回到民宿,她领着文善真去了后花园,她对文善真说:“小真,以后这个花园就由妈妈来亲自照顾了,浇花除草这些都只有妈妈才可以。”
“那我能帮妈妈的忙吗?”
“当然可以,但是要和妈妈在一起才行。”
“为什么?”
“因为这个花园是林爷爷亲自开垦栽种的,现在他离开我们了,这个花园就是他留给我们的财富,每一朵花每一株草都很重要,咱们更要好好照顾,不要辜负他。明白吗?”
小文善真似懂非懂地点点头。
在接下来的几年里,她几乎每周都会花费至少大半天的时间在花园里,她看了很多园艺方面的书,像是篦头发一样地把整个花园的土都松了一遍,有些看来过于稀疏的地方都被她种上了更多的花草。逐渐的,念栀小筑的花园在耀街,在素镇都小有名气,也成了留客的卖点之一。
客人们陆陆续续地起床,下楼吃饭。傅念栀把早餐端上桌,一个在外面抽完烟的客人果然留意到了花园里的土有大面积地被翻动过的痕迹,吃饭的时候顺便提了一嘴。傅念栀笑着说:“昨天注意到了有杂草,有几株花也有点长歪了,正好今天早上起得早,所以去收拾了一下。”客人打趣到:“老板娘你也太勤劳了,每天起那么早,要做饭收拾房间还要做园丁,你都不休息的吗?我看你是机器人吧。”
傅念栀笑着往客人的玻璃杯里倒进橙汁,她想,其实自己和机器人差不多的,每一步都得按部就班小心翼翼地做好,一点错误都不能有。
收拾完厨房,又帮两名客人办理了退房手续后,她去了文善真的房间,这孩子昨天晚上又没回来,说是和朋友一起去麒城看一个名家的摄影展。她去散散心也好,自从出了狗的事以后,孩子的心情就很差。被人骂到哭,自己作为家长也赔了白老板五千块钱。本来要八千的,可也许是看文善真哭得可怜兮兮的,白老板有点不忍心了,就给打了个折。不过这样也好,也算了结了一个隐患。她不喜欢狗,自从一九九四年的夏天以后,就更不喜欢。这也许就是天意,自己的女儿误打误撞地替自己了结了一桩心事。

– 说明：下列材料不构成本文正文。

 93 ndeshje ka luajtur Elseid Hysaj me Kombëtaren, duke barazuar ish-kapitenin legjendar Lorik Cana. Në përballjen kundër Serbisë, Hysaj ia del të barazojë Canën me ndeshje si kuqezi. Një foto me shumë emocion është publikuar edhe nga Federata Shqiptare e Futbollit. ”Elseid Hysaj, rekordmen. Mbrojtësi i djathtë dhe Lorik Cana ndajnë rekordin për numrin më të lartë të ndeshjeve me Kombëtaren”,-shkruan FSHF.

从文善真的房间里出来,看了看表,已经快到十点了。她确认了一下,今天下午没有要办理入住的客人。她正好可以去一趟刑警队。那个女警官说的找到白骨的事,应该只是使诈。可那封亲子鉴定的报告又是怎么来的。她仔仔细细地看了那份报告,被检测的对象是傅敬远和未知来源的DNA,傅敬远的DNA样本是血液样本,可那个未知来源的样本却是唾液。既然已经是白骨,那又哪里来的什么唾液?可检测的结果,两者之间确实有亲子关系。难道傅敬远除了她们俩之外,还有第三个孩子?这不可能。
她有点心慌地闭上眼,想起那一晚傅敬远老泪纵横的脸。他说:“我只有你们这两个亲生骨肉……”

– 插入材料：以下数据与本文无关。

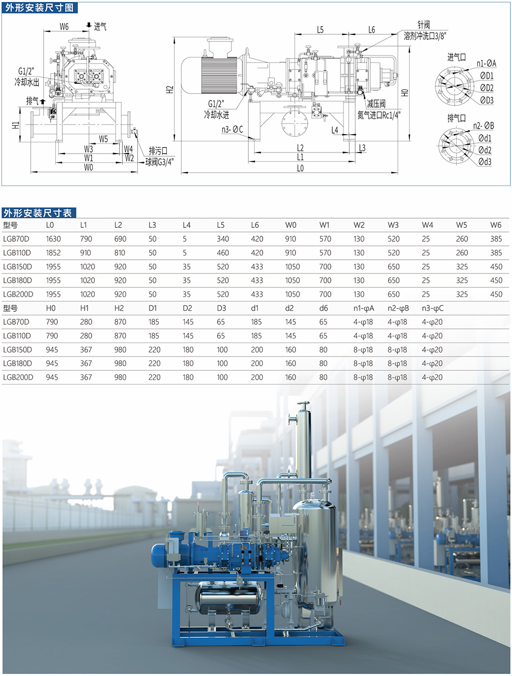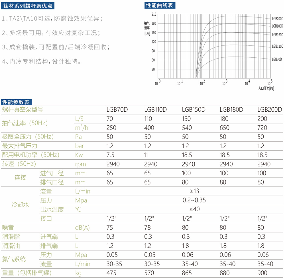 As mechanical tyoe vacuum pump equipped with a pair of constant pitch screws in pump housing, LG series screw vacuum pump canrealize the gas intake and exhaust by the synchronous rolation of the two screws in high speed. The two dynamic balanced screws aresupported by bearings and installed within pump chamber. There are clearances between the two screws and the pump housing, sothe pump operation can be smooth and with a low noise and free of lubricant in the pump chamber. The dry screw pump can be usedto pump the gases that contain a mass of vapor and a small guantily of paricles. lt is also an environmentally friendly andand it is theenergy-saving vacuum pump. Generaly the pump has the advantages in energy conservaion and easy maintenances, updated vacuum pump replacing an oil seal vacuum pump, liquid-ring vacuum pump and reciprocating vacuum pump。
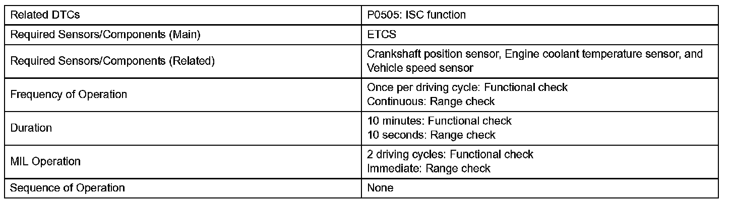 The ECM monitors the idling speed and idling air flow volume to conduct Idle Speed Control (ISC). The ECM determines that the ISC system is malfunctioning if the following conditions apply:

这话是他亲口说的,而且在当时的情况下,已经交了底,他也没有骗她的必要了。还有女警察说的头发的事,到底是真还是假,傅念栀当年真的把头发当作某种信物寄给过别人吗?她脑子飞快地转。是有这种可能的。她记得傅念栀在给她的信里说过,《新白娘子传奇》里,白娘子被关在雷峰塔下之后,许仙心碎入空门之前,曾把白娘子用过的木梳上的头发收集下来,放进锦囊里给许仕林佩戴,当作护身符。她说觉得这个举动充满了温柔和浪漫。那个时候的傅念栀是一个满脑子都是浪漫想法的人,所以寄头发这样的事,她是可以做得出来的。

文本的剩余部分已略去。